Work instruction -
Take the lines of the data below from the very first through the line containing "Un orifice latéral" and output them exactly, pictures excluded.

Record set -
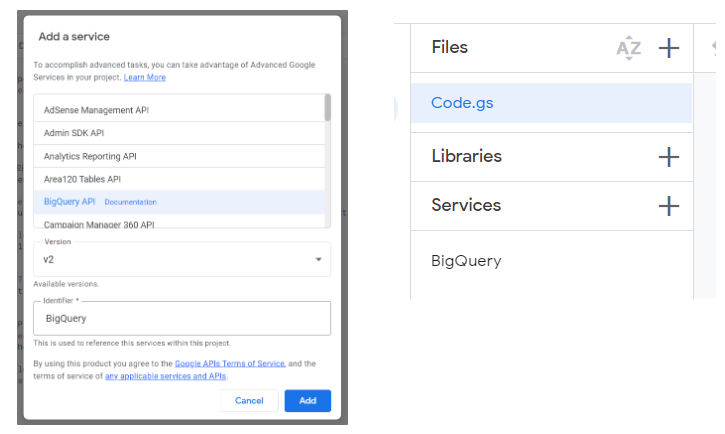 이 페이지는 Cloud Translation API를 통해 번역되었습니다. Switch to English 의견 보내기 BigQuery 서비스 BigQuery 서비스를 사용하면 Apps Script에서 Google BigQuery API를 사용할 수 있습니다. 이 API를 통해 사용
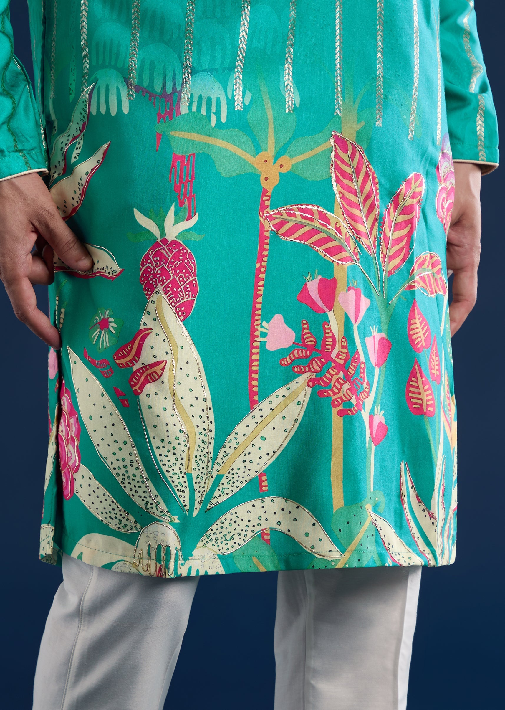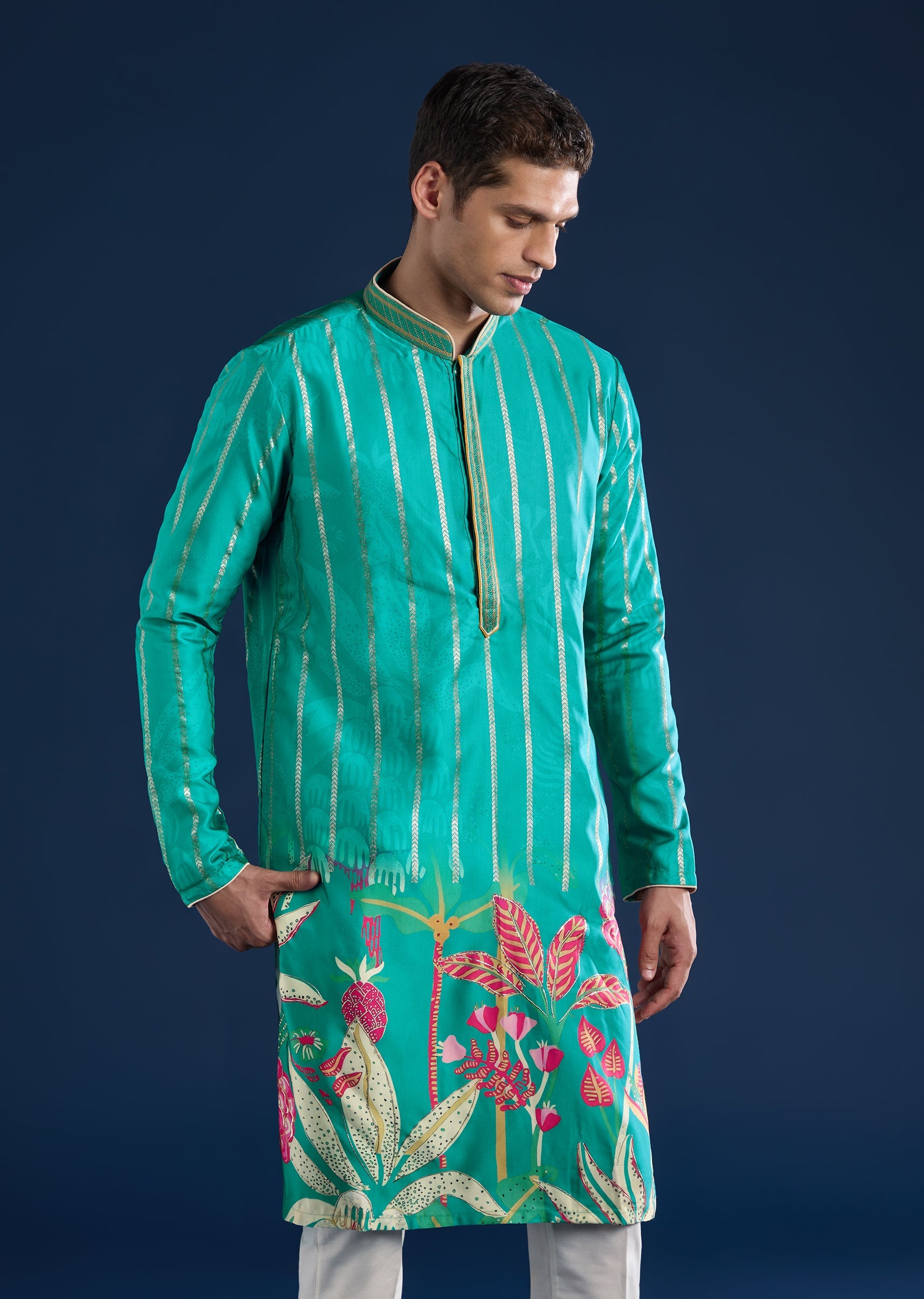 This green kurta set is crafted in art silk for a clean festive look. Designed with a mandarin collar, full sleeves, and side slits, it offers timeless elegance paired with straight-fit trousers and a partially elasticated waist for comfort. Awarded as the Most Trusted Brand, we're delivering styles you love, just as promised.
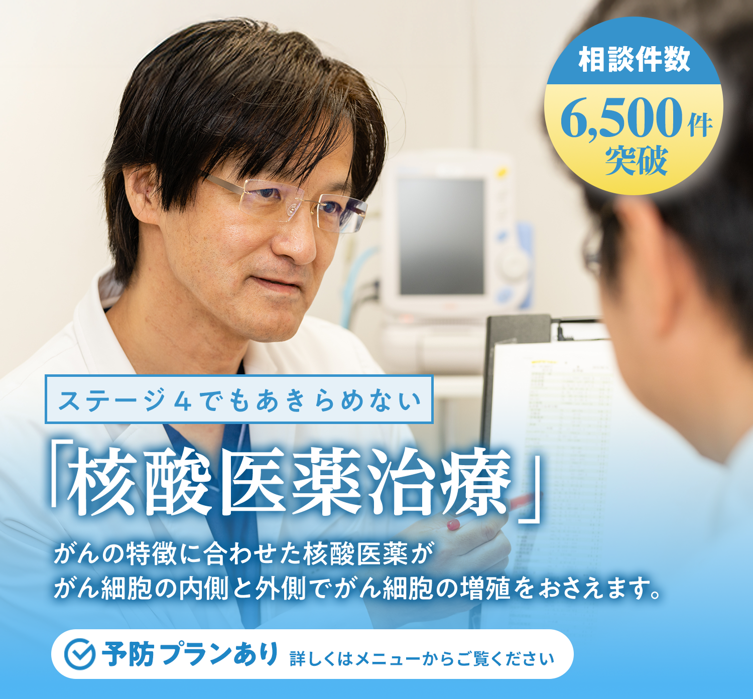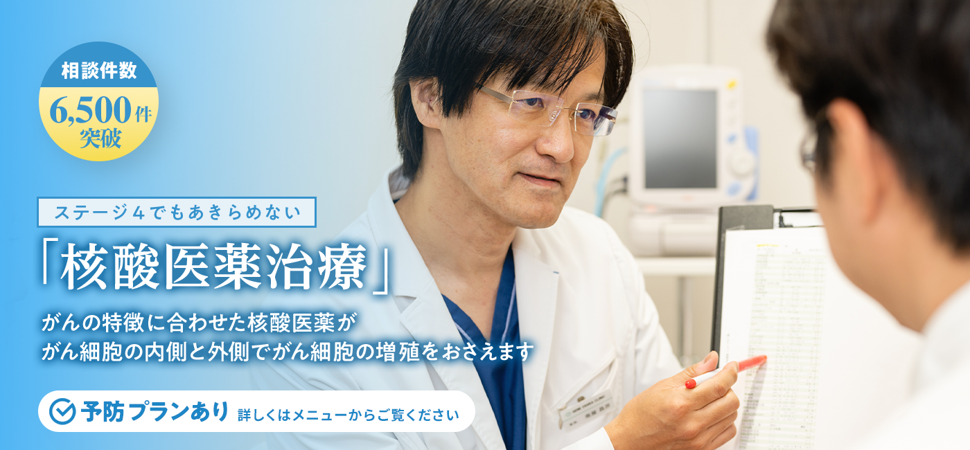 患者さまの病状に合わせて、それぞれの患者さまに合わせた次世代の治療法(核酸医薬・BCG-CWSがんワクチン・6種複合免疫・がん光免疫治療・コロイド治療)を提案します。
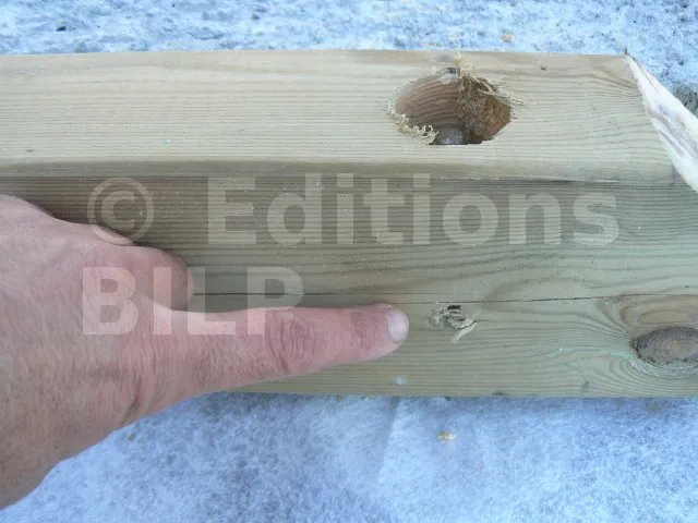 Un orifice latéral permet l’évacuation d’éventuelles eaux infiltrées. De plus, on prend la précaution de dérouler un film bitumeux sur le dessus des solives pour limiter ce risque.
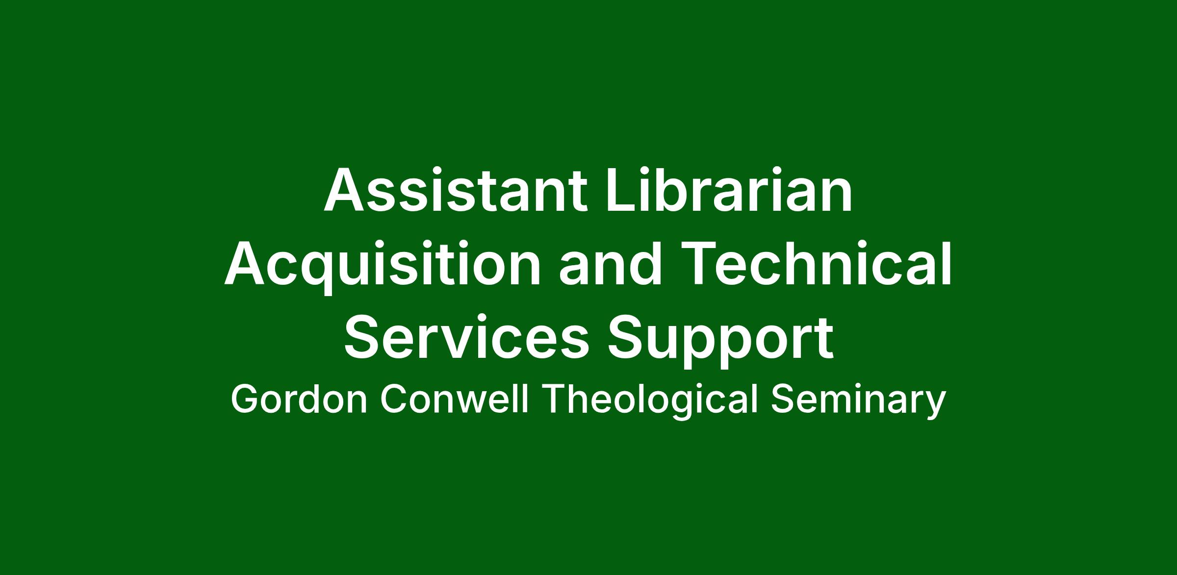 • Works with Assistant Librarian for Cataloging and Technical Services and technical services staff at all Gordon-Conwell libraries to establish and disseminate shared technical services policies and procedures.
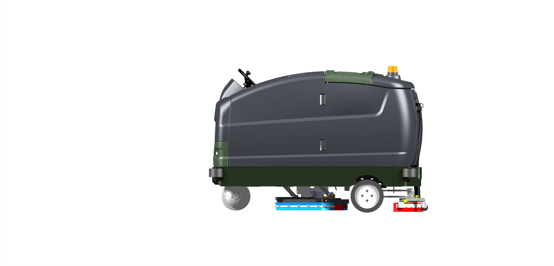 Les deux brosses disque de 21’’ offrent une pression constante pour nettoyer efficacement les surfaces en béton, époxy, vinyle et céramique. La raclette large de 1 380 mm assure un séchage sans traces pour un environnement plus sécuritaire.

Solved problem -
 이 페이지는 Cloud Translation API를 통해 번역되었습니다. Switch to English 의견 보내기 BigQuery 서비스 BigQuery 서비스를 사용하면 Apps Script에서 Google BigQuery API를 사용할 수 있습니다. 이 API를 통해 사용
 This green kurta set is crafted in art silk for a clean festive look. Designed with a mandarin collar, full sleeves, and side slits, it offers timeless elegance paired with straight-fit trousers and a partially elasticated waist for comfort. Awarded as the Most Trusted Brand, we're delivering styles you love, just as promised.
 患者さまの病状に合わせて、それぞれの患者さまに合わせた次世代の治療法(核酸医薬・BCG-CWSがんワクチン・6種複合免疫・がん光免疫治療・コロイド治療)を提案します。
 Un orifice latéral permet l’évacuation d’éventuelles eaux infiltrées. De plus, on prend la précaution de dérouler un film bitumeux sur le dessus des solives pour limiter ce risque.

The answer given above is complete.